Now I want to implement logout in any way at least but notes related to proper login with RestTemplate is appreciated too. Thanks!
UPDATE: adding security config
public class SecurityConfig extends WebSecurityConfigurerAdapter {
private final DataSource dataSource;
private final UserDetailsService splittingRolesUserDetails;
private final AccessDeniedHandler accessDeniedHandler;
#Autowired
public SecurityConfig(DataSource dataSource, UserDetailsService splittingRolesUserDetails,
AccessDeniedHandler accessDeniedHandler) {
this.dataSource = dataSource;
this.splittingRolesUserDetails = splittingRolesUserDetails;
this.accessDeniedHandler = accessDeniedHandler;
}
// overrides role prefix in case .access() in httpSecurity configuration
// just because it is needed in the task. hasRole() won't work
// as there are used different voters in AffirmativeBased.

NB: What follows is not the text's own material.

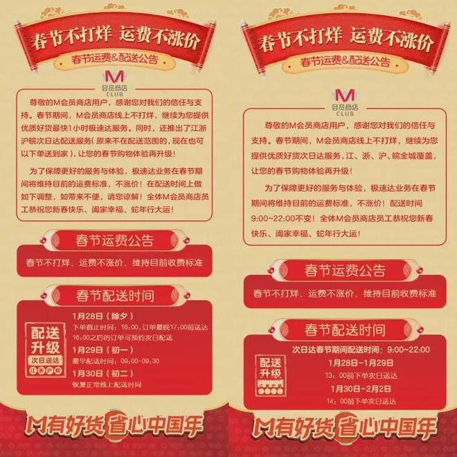近日,大润发M会员店宣布新春运费不涨价、线上线下不打烊;上线春节好礼次日达、好礼代寄全国送等配送服务。M会员店还于春节前推出宠物进店系列友好服务,成为首家宠物友好会员制商店。会员在M会员商店APP每天16:00前下单,超2000款常温商品次日即可送达,满199元且10kg以内还能享受包邮服务。
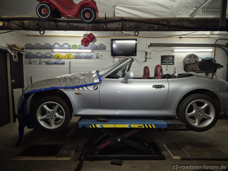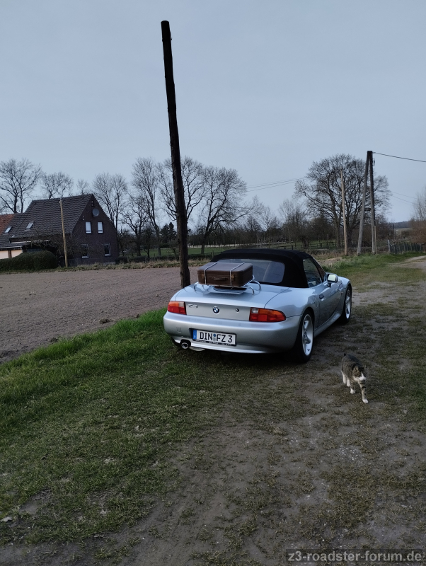 Verzeiht die Plane auf der Haube, eine Eternitplatte vom Dach ist gerissen und beschert mir bei Regen etwas Wassereinbruch in die Männerhöhle.

// link to the related issue on GitHub:
// https://github.com/spring-projects/spring-security/issues/3701
#Bean
GrantedAuthorityDefaults grantedAuthorityDefaults() {
return new GrantedAuthorityDefaults("");
}
#Autowired
public void configureGlobal(AuthenticationManagerBuilder authenticationManagerBuilder) throws Exception {
authenticationManagerBuilder
.authenticationProvider(authenticationProvider())
.jdbcAuthentication()
.dataSource(dataSource)
.usersByUsernameQuery("select user_name, password, true from user where username=?");
}
#Bean
public DaoAuthenticationProvider authenticationProvider() {
DaoAuthenticationProvider authProvider = new DaoAuthenticationProvider();
authProvider.setUserDetailsService(splittingRolesUserDetails);
authProvider.setPasswordEncoder(passwordEncoder());
return authProvider;
}
#Bean
public PasswordEncoder passwordEncoder(){
return new BCryptPasswordEncoder();
}
#Override
protected void configure(HttpSecurity httpSecurity) throws Exception {
httpSecurity
.authorizeRequests()
.antMatchers("/login/**").permitAll()
.antMatchers("/api/csrf").permitAll()
.antMatchers("/api/ticket/event**").access("hasRole('" + Role.BOOKING_MANAGER.toString() + "')")
.anyRequest().access("hasRole('" + Role.REGISTERED_USER.toString() + "')")
.and()
.formLogin()
.loginPage("/login")
.defaultSuccessUrl("/event")
.permitAll()
.and()
.exceptionHandling()
.accessDeniedHandler(accessDeniedHandler)
.accessDeniedPage("/403")
.and()
.rememberMe()
.userDetailsService(splittingRolesUserDetails);
}
}
No need to send your token from an endpoint that is not secured, that contradicts the principle for which the token is used in the first place. You can store your token in a cookie with HTTP only access by adding this to your config:
.and().csrf().csrfTokenRepository(CookieCsrfTokenRepository.withHttpOnlyFalse());
You can then retrieve it from a cookie named XSRF-TOKEN.